Storm spotters are trained to discern whether a storm seen from a distance is a supercell. They typically look to its rear, the main region of updraft and inflow. Under the updraft is a rain-free base, and the next step of tornadogenesis is the formation of a rotating wall cloud. The vast majority of intense tornadoes occur with a wall cloud on the backside of a supercell.

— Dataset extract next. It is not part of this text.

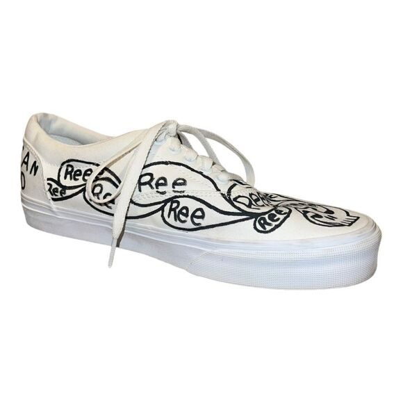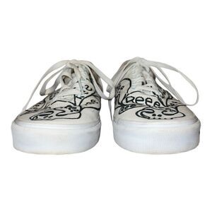 Vans Mens Custom Painted Low Top Sneakers Ree Skeletons White Black 9.5 EUC

Evidence of a supercell comes from the storm's shape and structure, and cloud tower features such as a hard and vigorous updraft tower, a persistent and/or large overshooting top, a hard anvil (especially when backsheared against strong upper level winds), and a corkscrew look or striations. Under the storm and closer to where most tornadoes are found, evidence of a supercell and likelihood of a tornado includes inflow bands (particularly when curved) such as a "beaver tail", and other clues such as strength of inflow, warmth and moistness of inflow air, how outflow- or inflow-dominant a storm appears, and how far is the forward flank precipitation core from the wall cloud. Tornadogenesis is most likely at the interface of the updraft and forward flank downdraft, and requires a "balance" between the outflow and inflow.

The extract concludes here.